- **TASK ITEM**:
Without the pictures, give every record again exactly.

- **Stored data entries**:
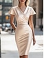 Naisten Polvipituinen mekko Satiini mekko Vartalonmyötäinen Tyylikäs Muoti Moderni ulko- Loma Bile Normaali Tavallinen Lyhythihainen V kaula-aukko Samppanja Kesä Kevät
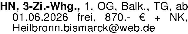 HN, 3-Zi.-Whg., 1. OG, Balk., TG, ab 01.06.2026 frei, 870.- € + NK, ­Heilbronn.bismarck@web.de
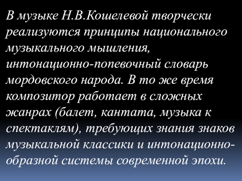 Слайд 13В музыке Н.В.Кошелевой творчески реализуются принципы национального музыкального мышления, интонационно-попевочный словарь
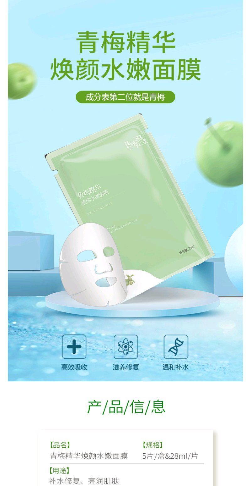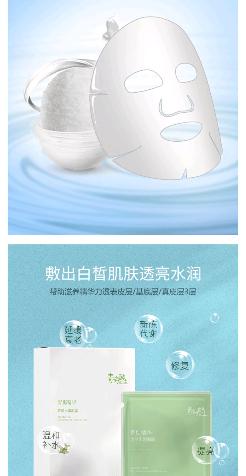 青梅酵主青梅精华焕颜水嫩面膜锁水贴片式透亮补水面膜
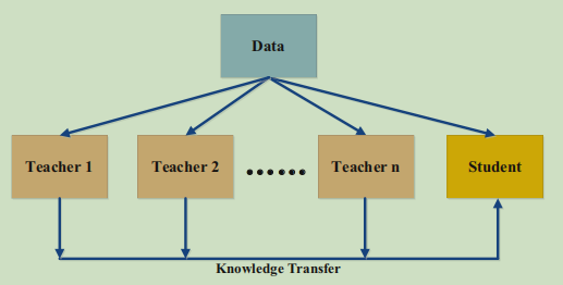 相当于是一种模型集成的方法,利用知识蒸馏将多个教师神经网络中的知识迁移到学生神经网络中,让学生神经网络在多个不同的特征空间中进行学习,可以大幅提高学生神经网络的准确率。
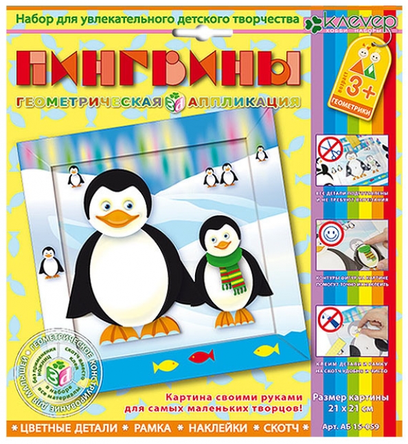 Набор для изготовления картины "Пингвины" является не только замечательным подарком, но и увлекательным методическим пособием, развивающим способности ребёнка младшего дошкольного возраста. Малыш знакомится с разными по фактуре материалами (цветной картон разной плотности, самоклейка, объёмный скотч) и с разными геометрическими фигурами (круг, полукруг, квадрат, прямоугольник). Он может разделять фигуры на части, сравнивать их величину и склеивать из частей целое. Наклеивая на картинку фигуры, ребёнок учится достраивать изображение, создавать целое путём комбинирования различных деталей. Интересный сюжет картинки помогает ребёнку описывать свою работу, рассказывать, какие фигуры он использует, из каких материалов и какого цвета эти фигуры, какое изображение у него получается. Он начинает понимать значение пространственных предлогов и наречий места. Поощряйте ребёнка, когда он использует эти части речи, и не забывайте о развитии у него математических представлений, задавая вопросы "сколько", "какой по счёту" и т.д.
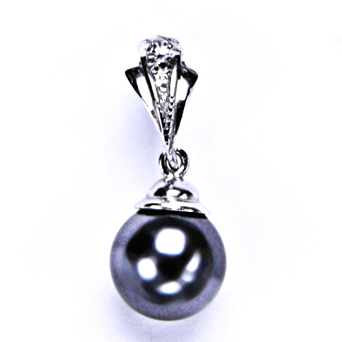perla umělá černo šedá 10 mm, stříbrný přívěšek, šperky

- **SOLUTION TO THIS PROBLEM**:
 Naisten Polvipituinen mekko Satiini mekko Vartalonmyötäinen Tyylikäs Muoti Moderni ulko- Loma Bile Normaali Tavallinen Lyhythihainen V kaula-aukko Samppanja Kesä Kevät
 HN, 3-Zi.-Whg., 1. OG, Balk., TG, ab 01.06.2026 frei, 870.- € + NK, ­Heilbronn.bismarck@web.de
 Слайд 13В музыке Н.В.Кошелевой творчески реализуются принципы национального музыкального мышления, интонационно-попевочный словарь
 青梅酵主青梅精华焕颜水嫩面膜锁水贴片式透亮补水面膜
 相当于是一种模型集成的方法,利用知识蒸馏将多个教师神经网络中的知识迁移到学生神经网络中,让学生神经网络在多个不同的特征空间中进行学习,可以大幅提高学生神经网络的准确率。
 Набор для изготовления картины "Пингвины" является не только замечательным подарком, но и увлекательным методическим пособием, развивающим способности ребёнка младшего дошкольного возраста. Малыш знакомится с разными по фактуре материалами (цветной картон разной плотности, самоклейка, объёмный скотч) и с разными геометрическими фигурами (круг, полукруг, квадрат, прямоугольник). Он может разделять фигуры на части, сравнивать их величину и склеивать из частей целое. Наклеивая на картинку фигуры, ребёнок учится достраивать изображение, создавать целое путём комбинирования различных деталей. Интересный сюжет картинки помогает ребёнку описывать свою работу, рассказывать, какие фигуры он использует, из каких материалов и какого цвета эти фигуры, какое изображение у него получается. Он начинает понимать значение пространственных предлогов и наречий места. Поощряйте ребёнка, когда он использует эти части речи, и не забывайте о развитии у него математических представлений, задавая вопросы "сколько", "какой по счёту" и т.д.
perla umělá černo šedá 10 mm, stříbrný přívěšek, šperky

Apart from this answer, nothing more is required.